Prediction on test set

In order to evaluate the prediction performance, we generate a test set of size \(Nt=100\) times \(p=5\) follow the same distribution as previous design matrix, and also with 10% of missing values. Given the real value of response according to the logistic regression model, we can evaluate the prediction results by a confusion matrix.

# Generate test set with missingness
set.seed(200)
Nt = 100
X.test <- matrix(rnorm(Nt*p), nrow=Nt)%*%chol(Sigma.star)+
          matrix(rep(mu.star,Nt), nrow=Nt, byrow = TRUE)

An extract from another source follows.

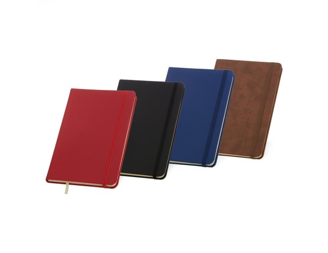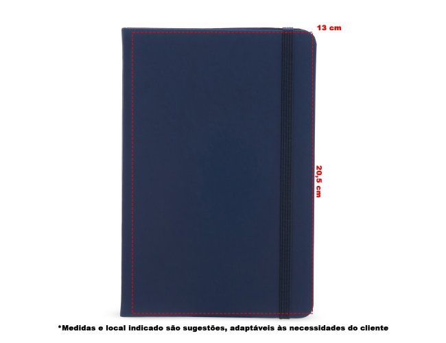 Caderneta em couro sintético emborrachado, possui marca página em cetim e elástico para lacre. Contém aproximadamente 80 folhas marfim pautadas.

# Real value for response of test set
p1 <- 1/(1+exp(-X.test%*%beta.star-beta0.star))
y.test <- as.numeric(runif(Nt)<p1)

# Generate missingness on test set
p.miss <- 0.10
X.test[runif(Nt*p)<p.miss] <- NA

# Prediction on test set
pr.saem <- pred_saem(X.test, list.saem.select$beta, 
                     list.saem.select$mu, list.saem.select$sig2)

# Confusion matrix
pred.saem = (pr.saem>0.5)*1
table(y.test,pred.saem )
##       pred.saem
## y.test  0  1
##      0 66  7
##      1  8 19

Reference

Logistic Regression with Missing Covariates – Parameter Estimation, Model Selection and Prediction (2018, Jiang W., Josse J., Lavielle M., Traumabase Group), arXiv:1805.04602.